J.C. Penney would also slash the number of its annual promotions from 590 in 2011 to 12, one for each month of the year, with each month's promotion focused on products customers are likely to buy in that month. It would also reduce the number of coupons it would offer. The new pricing strategy went into effect on Feb. 1, 2012.

The year that followed could hardly have been more difficult for J.C. Penney. For the most recent fiscal year, the retailer reported that it had lost $985 million, compared to the $152 million net loss posted for the previous fiscal year. In addition, J.C. Penney wound up in court against one of its main competitors, Macy's. The latter sued both J.C. Penney and Martha Stewart Living Omnimedia over J.C. Penney's deal with MSLO. This called for the creation of MSLO-operated shops and a dedicated website with home merchandise designed by Stewart.

Macy's contended that this deal (which included a $38.5 million investment by J.C. Penney in MSLO) violated its own agreement with MSLO, which granted it exclusivity over certain home categories. As of last month, the two cases were still in court.

Speaking to financial analysts to discuss the fiscal year, Johnson was forced to admit that the company had made "some big mistakes" in its pricing strategy and its marketing. Regarding the company's shoppers, "we learned that she prefers a sale," Johnson said. "At times, she loves a coupon." As a result, he reinstituted both coupons and sales "each and every week as we move forward."

Johnson also said the company's marketing of the changes "didn't connect very well with our customers" during the fiscal year. "We failed to communicate our unique value proposition," he said.

Francis, one of whose responsibilities was marketing, had left J.C. Penney in June. Shortly after Johnson's departure last month, Michael Kramer, chief operating officer, and Daniel Walker, chief talent officer, also left.

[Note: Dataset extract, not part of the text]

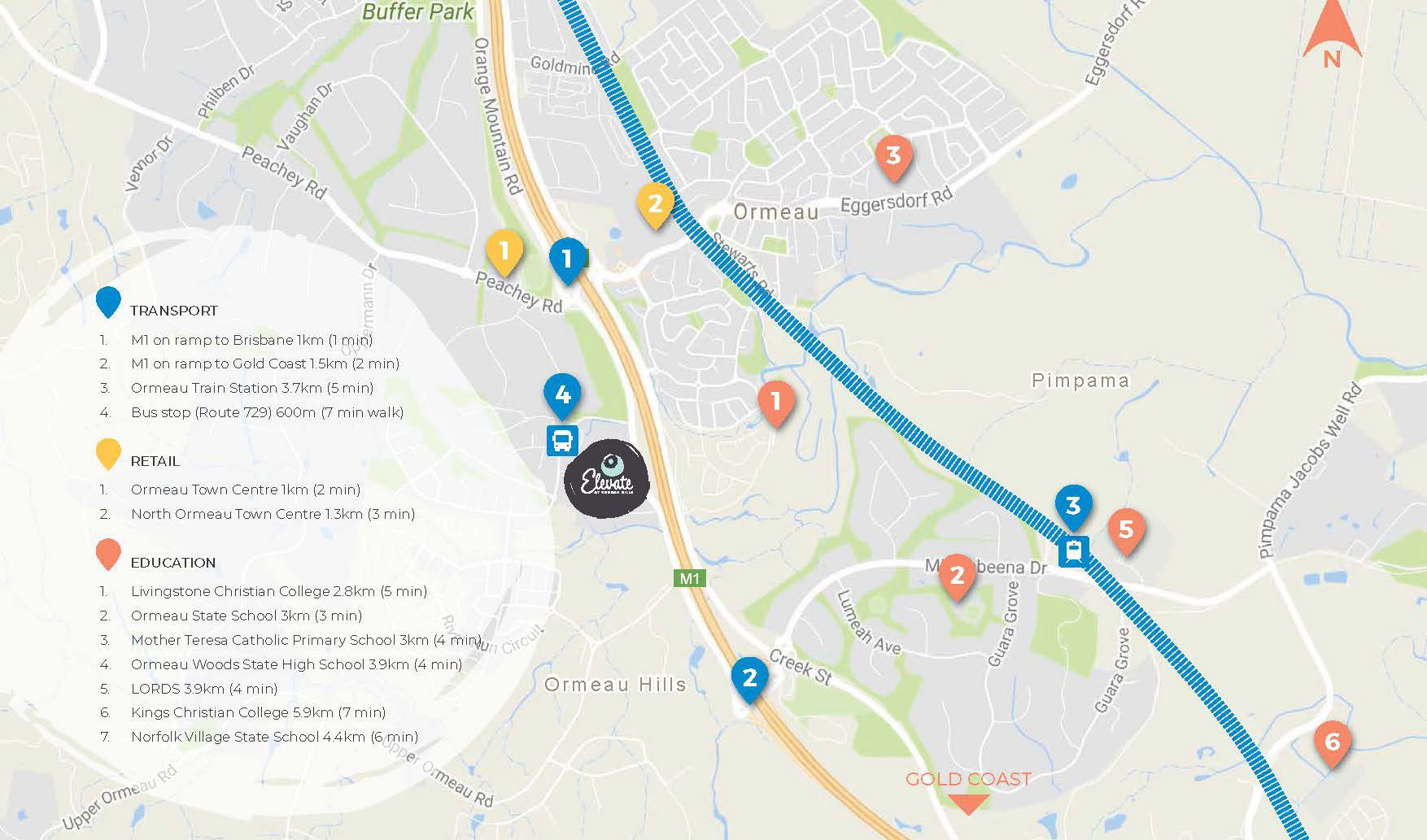 项目位于黄金海岸CBD以北25公里,布里斯班CBD以南40公里,坐落于繁荣的黄金海岸北部走廊的高架位置。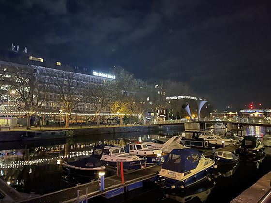 브리스톨 시내 중심 워터프런트 지역에 위치한 4성급 더브리스톨호텔(The Bristol Hotel)과 에이번 강(Avon River) 야간 전경

Both Kramer and Walker had worked with Johnson at Apple. Francis, who was executive vice president and chief marketing officer at Target when he took the J.C. Penney presidency, had worked with Johnson at Target when Johnson was leading that retailer in its strategy to become "Cheap Chic."

Other than the announcement of using part of the credit facility, Ullman had not commented on his plans for J.C. Penney going forward at press time.